Condi Rice's disdain for Civil Rights movement
Catholic New Times, Dec 18, 2005 by J.L. Chestnut, Jr.
Eugene Robinson, a black reporter for the Washington Post, inter viewed U.S. Secretary of State Condoleeza Rice during her recent flight from Washington to Alabama.
Robinson's revealing observations about Rice and her family coincide, at least to a point, with what I have said several times on my radio show. However, I know more about the Rice's family relation to the civil rights movement and the black struggle than Robinson because I was in Birmingham during the tumultuous civil rights years.
Robinson wrote that the parents of Rice did their best to shelter their only daughter from Jim Crow racism. The truth is they did a lot more than shelter Rice. They misled her about the justice of the civil rights movement, misled her about the courage of Rev.
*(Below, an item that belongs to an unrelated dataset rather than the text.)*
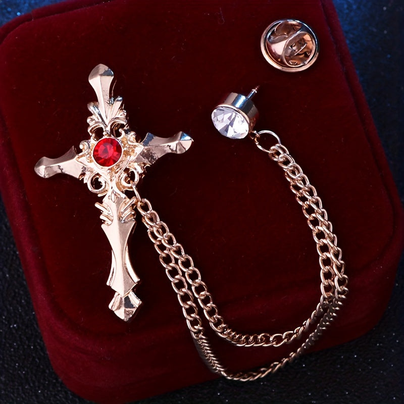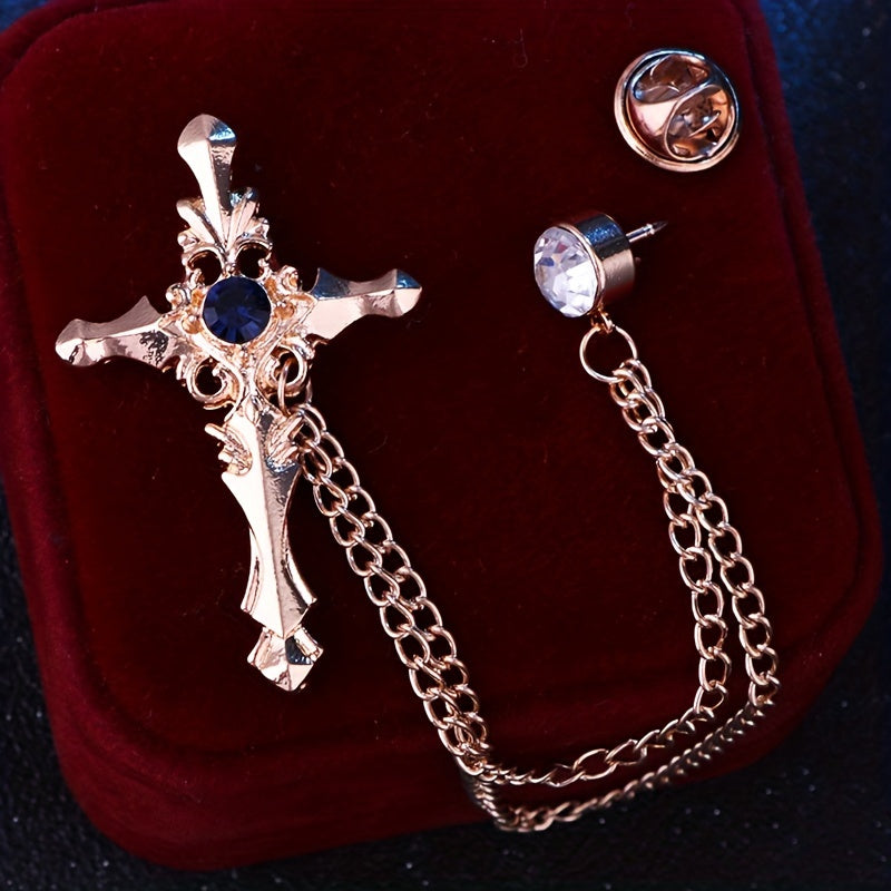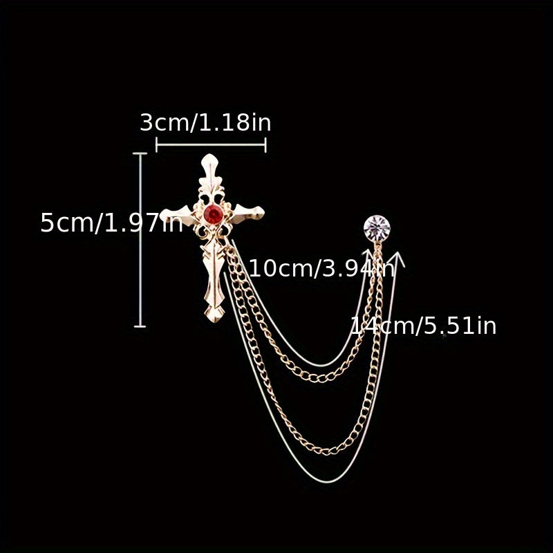 Add a touch of elegance to your attire with this golden tone cross brooch featuring sparkling rhinestones and a vintage chain tassel. Ideal for business events and formal occasions.
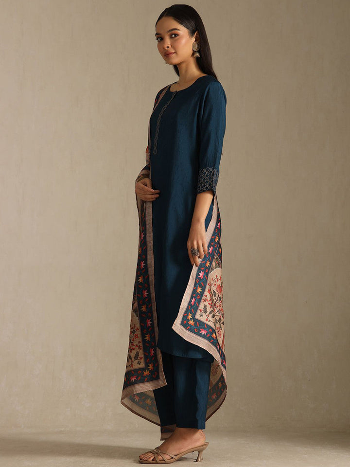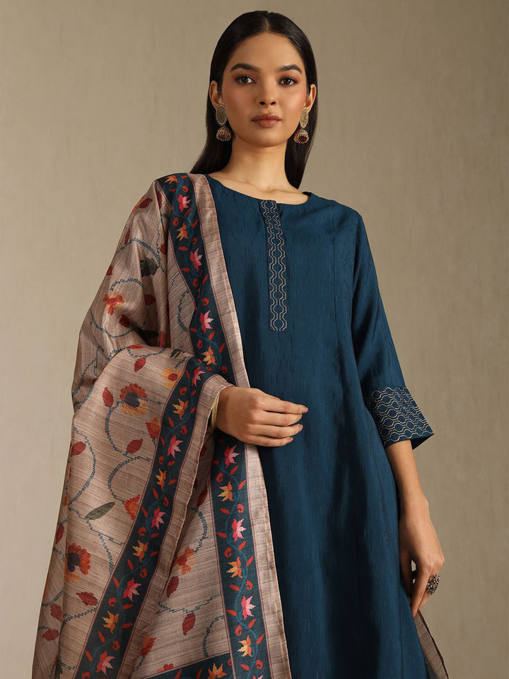 Women Solid A-Line Kurta with Trousers & Dupatta

Fred Shuttlesworth, misled her about the greatness of Rev. Martin Luther King and misled her about all the dedicated people risking their lives in the streets and jails in Birmingham.
Rice and most upper middle class blacks in Birmingham were misled in the 1960s about the black struggle and they were taught that the civil fights movement represented what black folks should not do.
Rice's father, a prominent pastor in Birmingham, looked down on Shuttlesworth and his small working-class congregation, and publicly called them "uneducated, misguided Negroes." But, now in 2005, a life-size statute of Shuttlesworth stands for all the ages in front of the Birmingham Civil Rights Museum. Rev. Rice's monument is his daughter's high position in a Republican administration that has only two per cent support in black America. That must be poetic justice personified.
On the flight from Washington, Rice told Mr. Robinson, "I've always said about Birmingham, that because race was everything, race was nothing." So, 40 years after her father denounced our efforts, Rice reduces segregation, the movement, and all the deaths and sacrifices to one word, "nothing."
In a sense, she is in 2005 where her father was 40 years ago. I have a feeling she would spit on the grave of King and on all those brave souls whose life and death sacrifices put her where she is now.
Robinson pointed out that Rice showed no visible emotion when speaking about her friend Denise McNair, one of the four young girls murdered in the bombing of the Sixteenth Street Baptist Church in 1963. Robinson said such an experience would have left a deep scar on him. I don't think it would have left a scar on him if he, like Rice, had been taught over and over not to identify with certain black people and certain black causes. Rice was taught serious piano lessons and ballet in the stifling, racially segregated Birmingham as one way to be identified above the uncouth black masses demonstrating in the streets.
My wife speaks with disdain about white people, particularly Southern whites, who exalt blacks like Rice for downplaying the terrible toll of racism, past and present. Every ranking black official in the Bush Administration fits that mold and is a replica of Rice. Forty years ago, Bull Connor and George Wallace called Martin King and Shuttlesworth "irresponsible," and applauded Rice's father and others like him as "responsible, moderate Negro leaders." In truth, they were sell-outs who avoided attacking racial segregation and claimed "separate but equal" was sufficient.
If the plight of black people had been left to the tender mercy of the black leaders that Bull Connor and George Wallace called "moderates," we wouldn't be able to vote today or even rent a room at a racially segregated Holiday Inn.
If our fortunes in 2005 are left in care of the Rices of the world, our votes will matter less and less and we won't be able to afford a room at the local motel. Let there be no doubt that while white Alabama celebrates Rice, them is much reserve and distrust in black Alabama about the second black Secretary of State. Let there be no doubt why.
J.L. Chestnut, Jr. is a civil rights attorney in Selma, Alabama where he has been practising law since 1958.